No interesse de examinar esse importante tópico elaboramos uma interessante revisão sobre as pesquisas científicas mais atuais sobre a mudança de sexo. Confira!
O acesso de jovens transexuais à cirurgia de mudança de sexo nos EUA fez os legisladores americanos debateram o tema por muito tempo. Isso se deu pois uma importante mudança no acesso à cirurgia foi proposta.
Muito dos debates se deu na área política e religiosa. Mas, quando consultados, muitos pesquisadores e médicos apoiaram à nova proposta.
Entre outras mudanças, as regras propostas eliminariam o requisito de que indivíduos transgêneros precisem esperar até os 21 anos para fazerem a cirurgia de mudança de sexo. Indivíduos com idade superior a 18 anos e menores de idade – com consentimento informado dos pais – seriam elegíveis.

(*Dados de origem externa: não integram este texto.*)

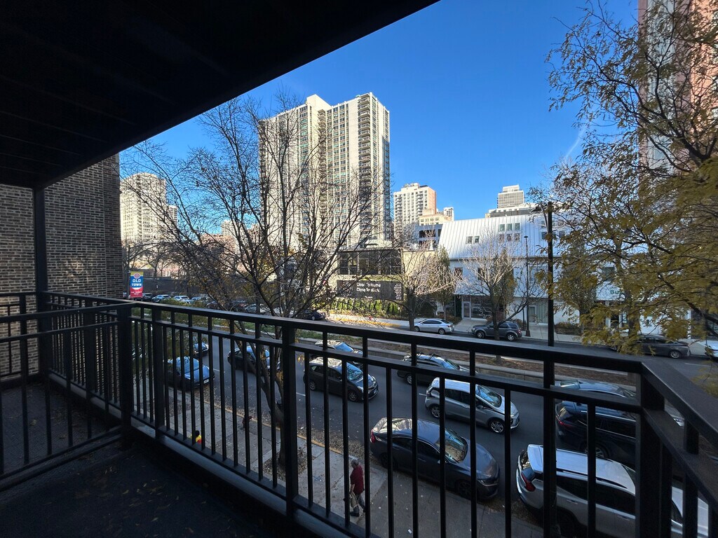 * Large Studio apartment with balcony overlooking La Salle Blvd (east-facing). Fully renovated within the last year. Features in-unit laundry, central AC, and walk-in closet. Additional storage available on-site and parking is likely to be available on-site within the next couple of months. * Amenities: - Hardwood Floors - Separate Kitchen - Dishwasher - Updated Bathroom - Air Conditioning - Miniblinds - Ceiling Fans - Plenty of Closet Space - In-Unit Laundry - Pet-Friendly Building - Garage Parking Available - Views of Chicago Skyline from Gorgeous Roof Deck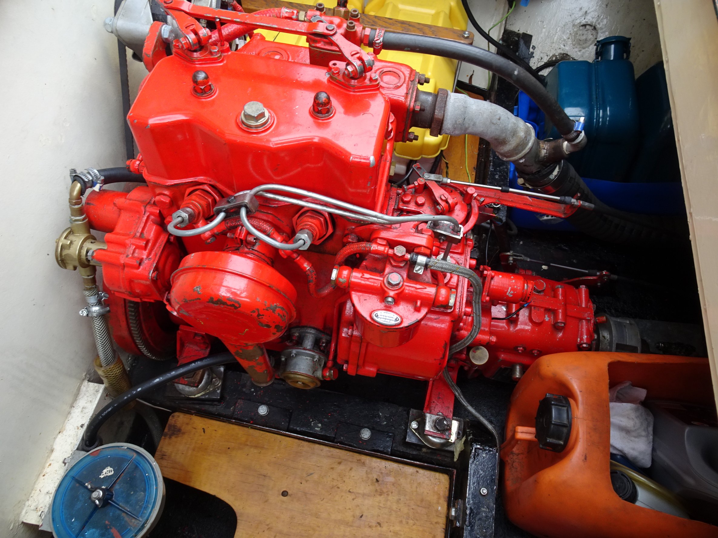 Motor: Bukh DV20 inboard diesel, 2 cilinder met 20PK, vaste schroefas vetgesmeerd

Tais mudanças estão alinhadas com o pensamento atual entre acadêmicos e médicos da área. Ainda é um campo incipiente, como aponta Dra. Marci Bowers, ginecologista e cirurgiã na Califórnia, especialista em confirmação de gênero e atua como professor na Escola de Medicina Icahn no Monte Sinai.
“As crianças estão se descobrindo transgêneros muito jovens. Uma geração atrás, elas estavam armário”, disse Dra. Bowers. “Somente nos últimos 20 anos as pessoas começaram a receber ajuda profissional”.
Quão comuns são as cirurgias de confirmação de gênero nos EUA?
As estimativas sugerem que, nos Estados Unidos, entre 2000 e 2014, 10,9% das visitas de pacientes transgêneros envolviam cirurgia de mudança de sexo.
Esta figura vem de uma análise de visitas de pacientes internados a uma amostra nacionalmente representativa que inclui, entre outros, pacientes trans, publicada em 2018 na revista médica JAMA Surgery.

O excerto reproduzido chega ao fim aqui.